Back then, she’d been more certain; during the domestic playthrough, she dipped into the multiverse for months at a time relatively assured that the synthome of her future husband was really being piloted by him, or that he was, at least, reviewing the highlight reel, adding anticipated or moment-to-moment lines of dialogue and desired outputs, as confirmed by the idiosyncratic dawnspeak being broadcast on his socials every day or two. Sometimes she went quiet for a week or two, hacking away at IRL; on those occasions, he usually went quiet too, aside from the routine announcements and corpo-speak, which she’d learned to distinguish from dawnspeak through ALPHA Agent protocols. Aura knew to check in on him, and that her absence had started to hurt, when shit started getting Biblical in that department.
Not a lot of recruitment went on in those days. The extended reality technology had gotten so good, become so immersive, that if the equipment wasn’t embedded with routine shutdowns and game time allotments, she surely would’ve lost herself in it completely.
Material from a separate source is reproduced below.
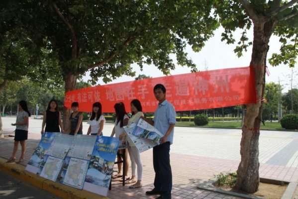 为进一步加强对测绘法律法规的宣传,提高全社会对测绘地理信息法律法规及工作重要性的认识,使全社会更加关注、理解、支持测绘地理信息事业,为测绘地理信息事业发展营造良好的法治环境,8月29日,河南省恒信工程技术服务有限公司按照省测绘地理信息局有关要求和郑州市国土资源局的安排,精心组织、认真部署,采取多种形式,在郑州经开区中心广场开展了以“测绘法宣传日活动将以发展地理信息产业、地图服务大众生活及地理国情普查”为主题的宣传活动。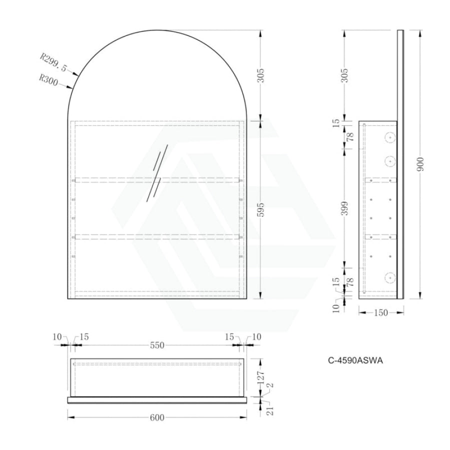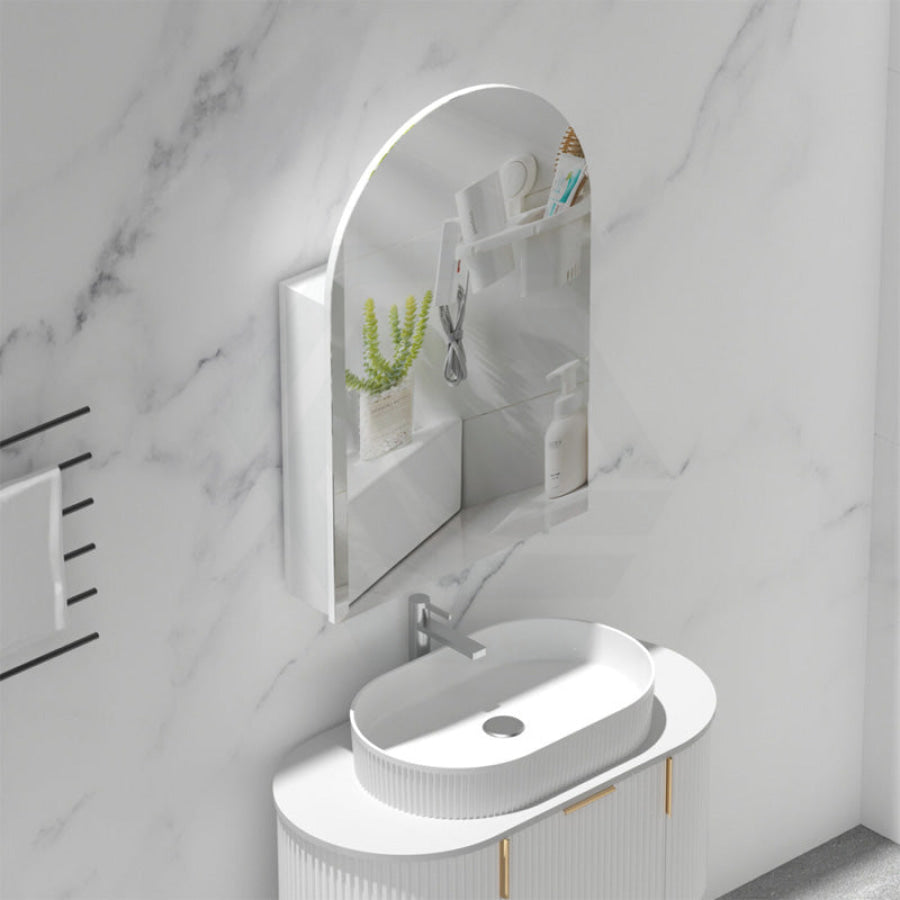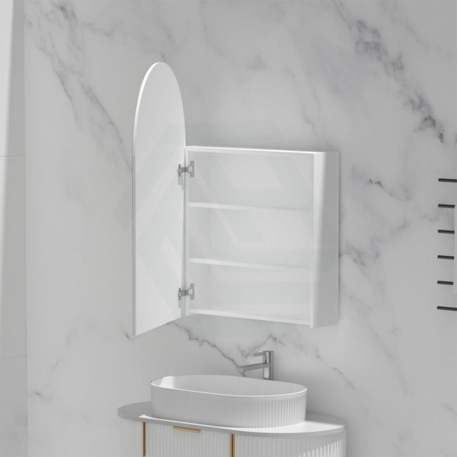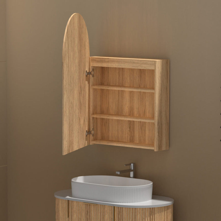 600x900mm Carysil Plywood Wall Hung Arch Shaving Mirror Cabinet Matt White/Walnut Finish for Bathroom

Aura had never been very good at that, knowing when to stop. She worried. She worried that ALPHA would declare her compromised and depose her from her position as prime recruitment officer, and occasionally, a flicker of doubt entered her mind that her future husband’s synthome was being piloted by him at all.
Then Josh grew up and moved out of home.
Now, she was questing. Just like her synthson.
Though for what, it was hard to say.
“Am I doing this right?”
The dreamy absence of her thoughts were interrupted by her future husband sliding into the chair across from her at the Pixel Perk coffee shop. He was in a teal blue t-shirt and jeans, holding a matcha latte, and wearing a smug little smirk covering teeth that were too straight. His hair was solid brunette, absent the silvered look that had already crept in on him when she’d met him, and she pegged him as somewhere in his late 20s, but touched up. Too young, too artificial. Internally her immediate reaction was to recoil in revulsion, recognizing the synthome instantly as not-him, his voice a little too even, just like his teeth. Instead, Aura froze, her eyes trained upon his face, and examined her reaction and how it reflected on her composure as a field agent. She glanced down and lifted up her own hand to look at it, first her palm, then the back. Her own response had betrayed her, and that little internal flicker of doubt.
He obviously wasn’t the first Sam.
Was she the first Aura?
“What are you looking for, Aura?” Sam queried.
Aura placed her hand back down on the table.
She took a sip of her vanilla cream cold brew made with oat milk, glancing out the window at the beautiful beachfront view where neon waves broke in pixellated spray across the shore. Licked the cream off her lip. Looked back at him, and studied his face.
“I dunno,” she said pensively. “I think it was the thought that you would always want me because we were early to something.”
Smiling, Sam set his matcha down on the table, stood up, bent over, placed both hands on her cheeks, leaned forward, and kissed her full on the mouth. Aura flushed bright red immediately. The younger versions of him were so damn smug! Grinning, he sat back down and looked at her.
“You think too much,” he said simply.